Friday, November 5, 2010

Welcome to Life

Baby Gus's pep talk worked...it might have been a few days late, but Baby Gus finally decided to make his appearance into the world and into our lives. October 24, 2010 will forever be remembered by me as the most beautiful day of my entire life. That does not mean that I looked beautiful by any means, but the day changed my life and exceeded every expectation of the moment I would get to lay eyes on my son. It's a crazy thing, really. To get to meet someone that you know is going to change your life. I mean, I remember meeting my husband, but I didn't know that he was going to be my husband at the time, so meeting him, while memorable, was inconsequential at the time.

For all of those who bet against me being able to complete a natural child birth- you LOSE. I know, I know- I lost money on that bet too :). I NEVER really thought I'd be able to do it. My goal was to just make it far enough so that all the people that I'd told I was going to try to do it naturally would not laugh at me for caving too early. God is good though and at every mile marker I set mentally to quit at, I progressed a little further. Plus, I call my husband my epidural because he massaged my back with tennis balls for at least 12 hours without stopping. So after 19 hours of labor, two hard working tennis balls, 2 1/2 hours of pushing, at least 5 repeats of the same Hillsong CD and about 1200 contractions later, a tiny miracle entered the world.

I don't know that my life has ever felt so full. With my mom on one side of me and my husband on the other, I watched a child that God has been creating and perfecting for over nine months make his first appearance into the world. It was exactly what I hoped it would be- even though every moment wasn't everything we had planned. The whole reason I was drawn to a natural experience was so that my husband and I could be an active part of the process. It's one of the most poignant pictures of a marriage- one member going through something so dramatic, but the other one right by their side going through it with them. My husband was 100% present 100% of the time.

And the climax of the whole story: seeing my baby for the first time. Ironically enough, the first thing I saw of him was his little feet- and no, he wasn't breach. My husband handed him to me and I saw his big blue eyes staring up at me. Words can't describe how full my heart felt..and still feels just thinking of it.

I had several thoughts that powered me through the 19 hours that it took to get my little boy here. Early on in my pregnancy, my husband asked me what he would be "allowed" to say in the event that I started to cave and ask for pain medicine. Since he knows me and knows how irrational I can be at times, he knew that he would have to choose his words very carefully- especially at a time when my emotions might be the most volatile. I accomodated by making him a list of 10 to 15 motivating factors that he would be allowed to read to me in the event that I started to lose heart. During the actual labor, I never asked him to read me my list...the only "reason" that I remember contemplating during my labor was the fact that I will probably never get to compete in the "Escape from Alcatraz". I remember picturing a runner and thinking- This is my marathon. Odd choice as I had several far more motivating factors, but apparently effective. I also remember during the peak of each contraction thinking "It's a choice" over and over again in my head.

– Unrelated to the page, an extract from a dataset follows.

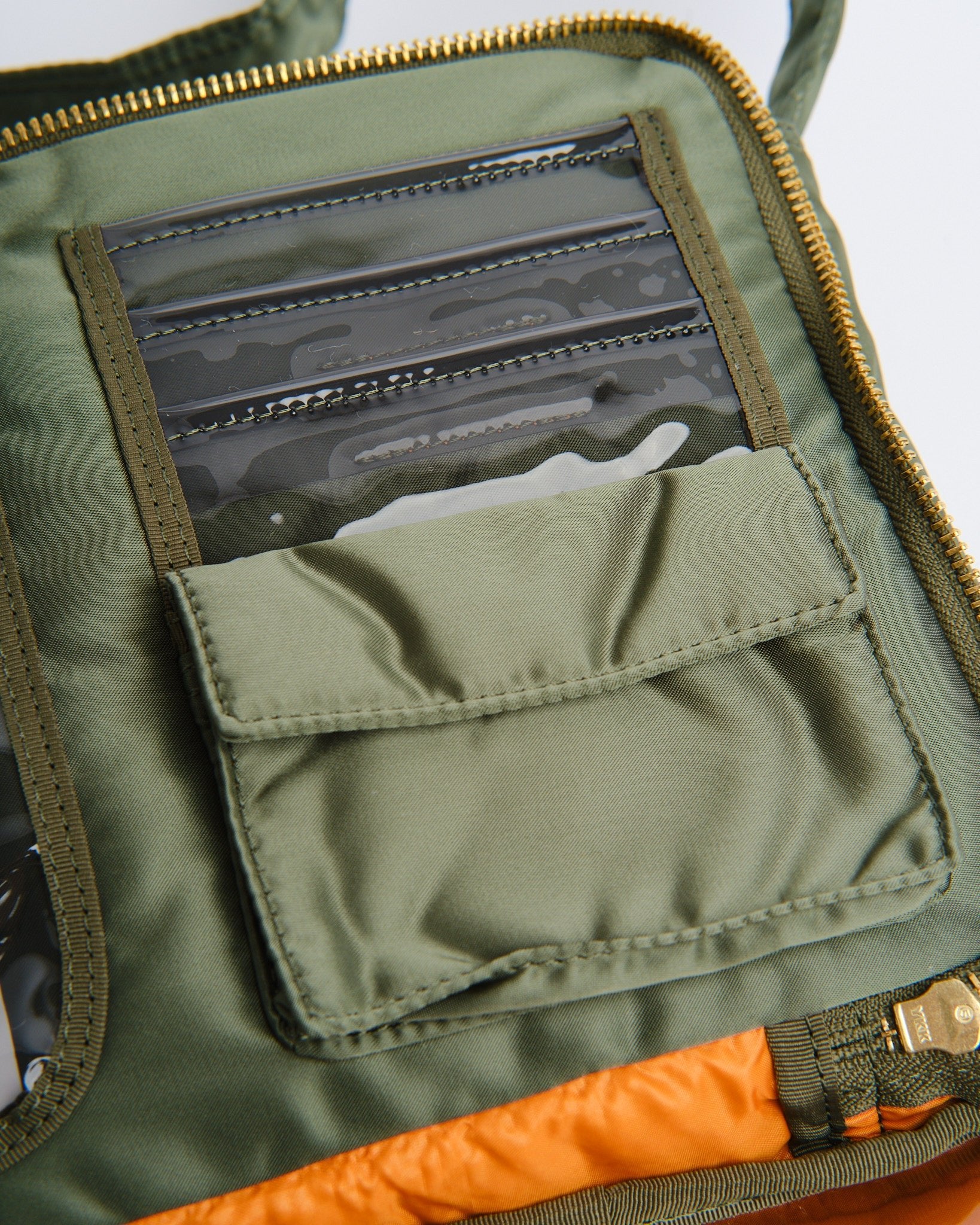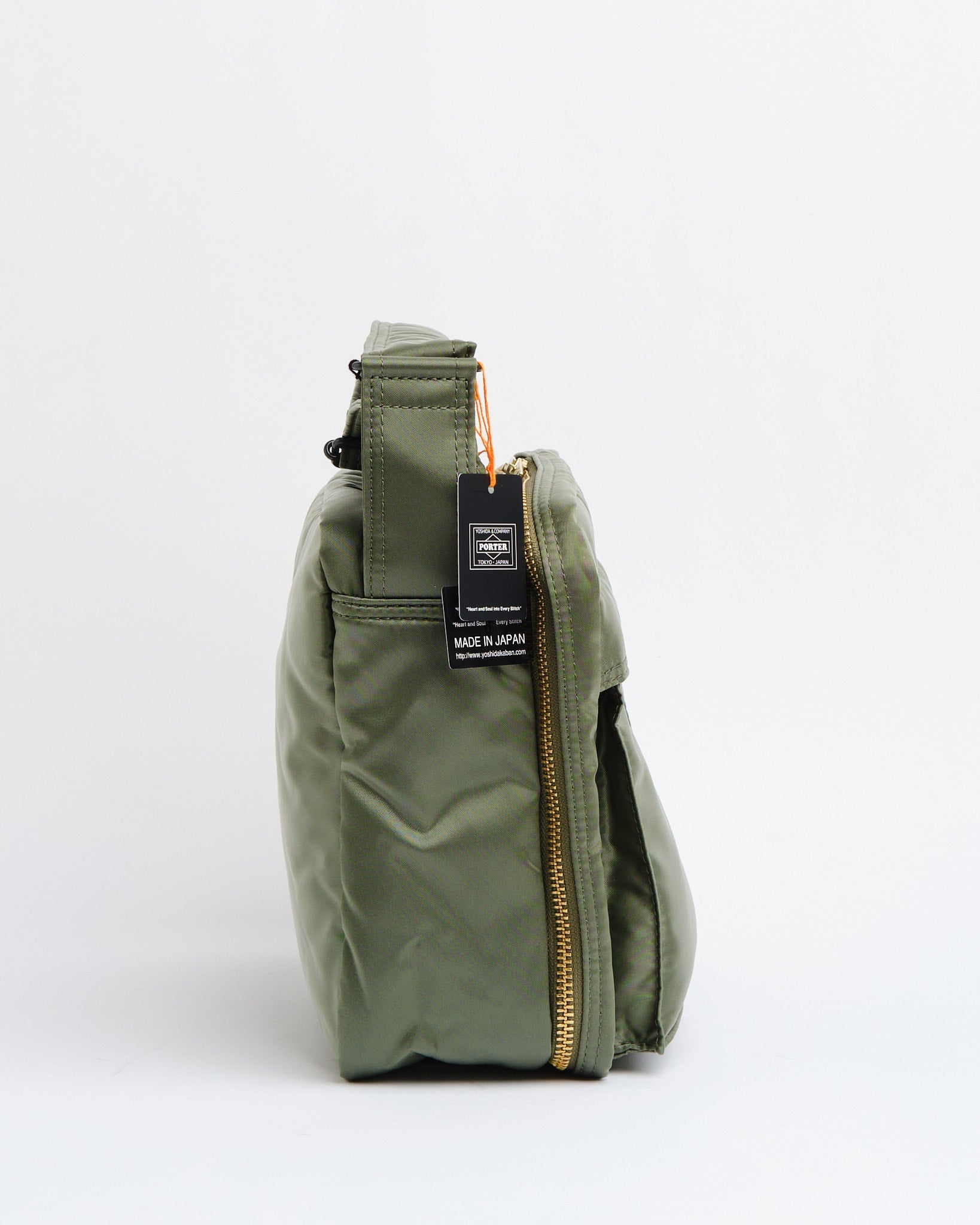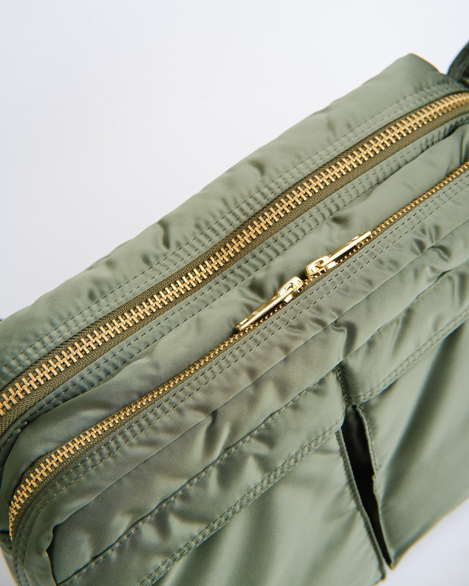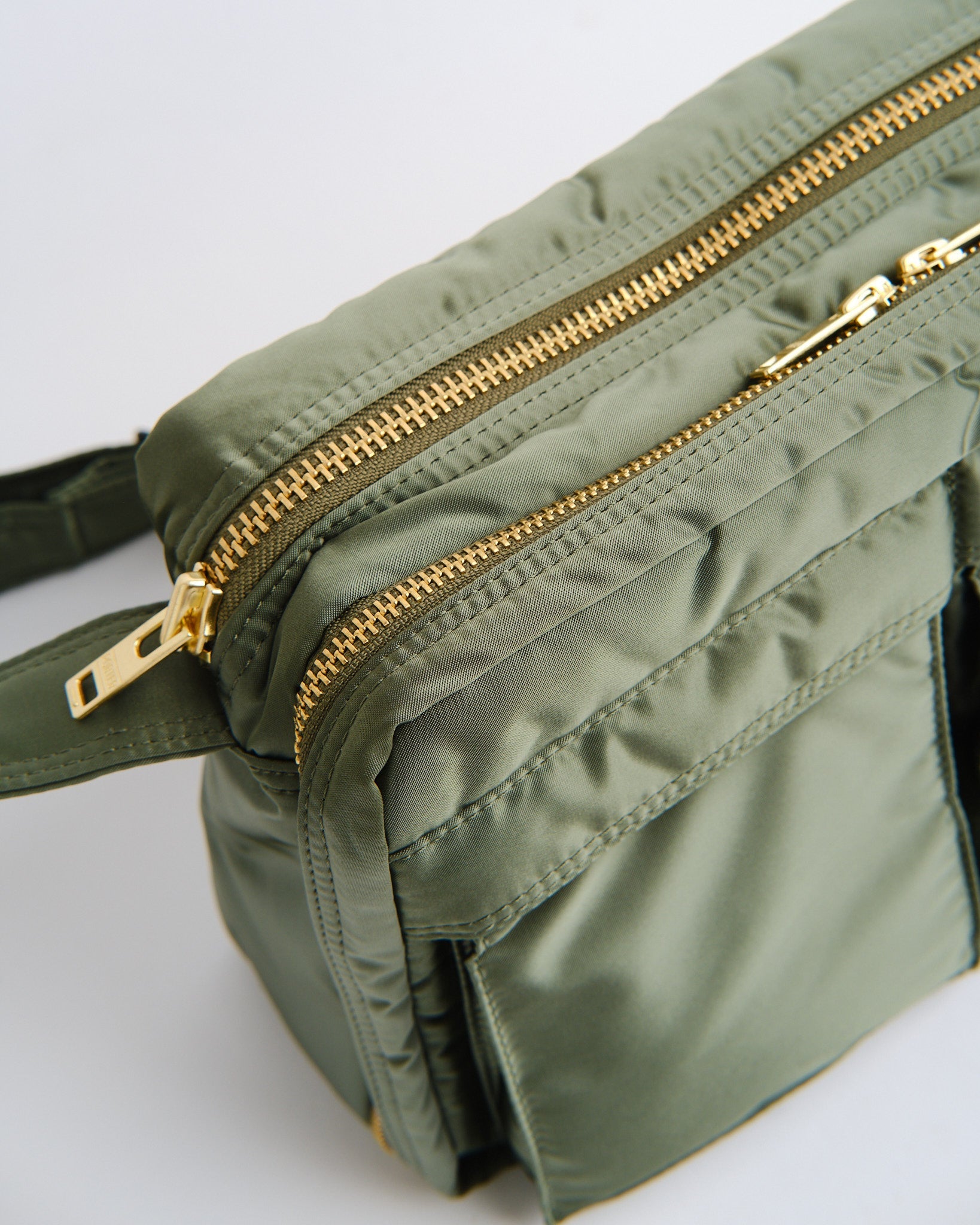 Oplev skønheden i naturen med PORTER YOSHIDA TANKER SHOULDER BAG (S) i en nuance af Sage Green. Denne udsøgte taske, omhyggeligt håndlavet i Japan, forener stil og praktik på smukkeste vis. Fremstillet af kvalitets 100% nylon sikrer den holdbarhed og nem brug. Det rummelige hovedrum med lynlås og to forlommer tilbyder organisering for alle dine ejendele. Med sit mærkepatch og justerbare skulderrem kombinerer denne taske funktionalitet med et fredfyldt æstetik. Med dimensioner der måler Længde; 28cm, Højde; 20cm Dybde; 11cm er det tilbehøret, der løfter dit raffinerede udseende.

I hope you'll forgive an entire post of sappiness and fluff, but you're dealing with the hormones of a new and sleep deprived mommy, so humor me. At the end of this chapter of my life, I feel like I met a hero and a miracle. My little boy is the sweetest gift I have ever been given in my life and I can't believe each day that I get to be a mommy to such an amazing little boy. And my hero- I have never been more in love with my husband than at this stage our lives together. Watching my husband become a daddy has been an incredible gift to see. And my life at this moment: full. Absolutely full.

1 comment:

  1. Sister! You are a rock star! I can't imagine going through 19 HOURS of labor. And P.S. waiting for 16 hours in a waiting room with the TV locked on one channel was TOTALLY worth it once I got to see my sweet nephew :) And props to your superman husband too!!